Today, I rode my bike as the
spring sun set slowly into a bed of wispy clouds.
I watched people's faces as I passed by;
serene, calm like the water and the
bare birch trees that line the shore. Two men
walking a dog, stopped in heated discussion,
raising their hands and widening
their eyes. Another man walking his dog nearby
tugged harder at the leash.
I peddled on.
A woman, finished tying her shoe, stood up and
continued walking, staring straight ahead
her arms punching the sky, as a
group of young men walking in the opposite direction approached.
Two of the men turned to look at her
as she passed,
and I peddled on.
A teenage boy with long brown hair
draped over his eyes held a skateboard upright
by the drinking fountain, smiling as he waited
for a girl down the path on rollerblades to arrive,
cars drove past on the road behind him.
I peddled on.

But with each face, each recognition, each smile and jeer, I
felt a connection,
as if the last few rays of sun connected each body.
The smell of the air twisting in and out of our lungs
as we share in the spirit of spring.

Without a single word spoken, the sun sank
below the trees and silhouette-black building blocks as
I thought about a young boy from a long time ago,
who looked up at the world with
bright and curious eyes, hungry for the
light of knowledge.
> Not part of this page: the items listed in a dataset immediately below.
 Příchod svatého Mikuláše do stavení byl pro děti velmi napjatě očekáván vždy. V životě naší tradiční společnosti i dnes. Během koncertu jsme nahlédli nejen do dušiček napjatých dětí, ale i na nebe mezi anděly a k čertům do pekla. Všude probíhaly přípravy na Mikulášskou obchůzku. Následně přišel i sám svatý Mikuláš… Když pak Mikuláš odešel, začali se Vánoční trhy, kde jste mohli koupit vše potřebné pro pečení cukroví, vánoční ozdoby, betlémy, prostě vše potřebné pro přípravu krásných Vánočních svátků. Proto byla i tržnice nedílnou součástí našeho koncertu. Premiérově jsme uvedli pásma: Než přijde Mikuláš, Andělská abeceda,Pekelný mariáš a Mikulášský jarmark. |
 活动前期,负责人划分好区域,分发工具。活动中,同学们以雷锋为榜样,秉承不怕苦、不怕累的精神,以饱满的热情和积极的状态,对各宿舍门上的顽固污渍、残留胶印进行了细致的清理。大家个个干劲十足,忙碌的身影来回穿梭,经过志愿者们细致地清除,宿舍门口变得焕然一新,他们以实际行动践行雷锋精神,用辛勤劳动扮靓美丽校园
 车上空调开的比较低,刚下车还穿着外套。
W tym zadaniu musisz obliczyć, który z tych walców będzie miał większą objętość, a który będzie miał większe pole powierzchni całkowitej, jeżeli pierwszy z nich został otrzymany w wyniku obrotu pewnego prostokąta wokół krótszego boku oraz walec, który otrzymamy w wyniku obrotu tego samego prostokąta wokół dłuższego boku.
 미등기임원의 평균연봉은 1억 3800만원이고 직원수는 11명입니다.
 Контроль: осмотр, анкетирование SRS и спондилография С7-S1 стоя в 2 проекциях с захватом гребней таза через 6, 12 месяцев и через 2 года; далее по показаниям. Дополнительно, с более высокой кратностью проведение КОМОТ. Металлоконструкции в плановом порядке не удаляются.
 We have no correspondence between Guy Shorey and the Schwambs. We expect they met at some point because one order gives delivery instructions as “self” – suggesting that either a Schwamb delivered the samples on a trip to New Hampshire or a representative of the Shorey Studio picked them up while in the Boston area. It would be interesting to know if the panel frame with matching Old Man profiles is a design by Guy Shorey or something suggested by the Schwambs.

The knowledge that hid behind
closed doors and around dark corners.
The knowledge that danced in people's eyes, that
twisted and twirled around the edges of words and sentences;
giving life to meaning and
singing soft melodies of the here-and-now,
music that never quite made it
all the way into the ears, but instead drifted invisibly
on murmurs and molecules until it wrapped itself
around the strings of the heart and mind,
like cottonwood seeds in June.

I thought about this boy, the only boy I've ever known and
what it must have been like to,
at once,
be nothing and then
experience somethingness for the very first time.
The thought reminded me of sitting on the green grass in summer,
down at the bottom of the hill
on a cloudless new-moon night, and
listen to the sounds of the guitar vibrate slow chords,
notes that cry tears the way that boy must once have cried
before he knew what somethingness was; before he
had seen his mother's eyes and learned what warmth was; before he
fell off his bike for the very first time and learned
what pain was; before he had
walked to school with the boy who lived next door and
learned what friendship was; before
he had left a note in someone else's locker and
learned what regret was;
before the night he and another boy embraced by the river
and he learned what love was.
Before all this;
when there was
nothing but the void,
before there was a boy at all.


2. Light

I awake.
All around the darkness sings of possibilities and preclusions,
tiny dots of light like raindrops that might not fall on the
foreheads and eyelashes of the people who swim through consciousness,
never rising to the surface for air,
the air I now breathe for the first time.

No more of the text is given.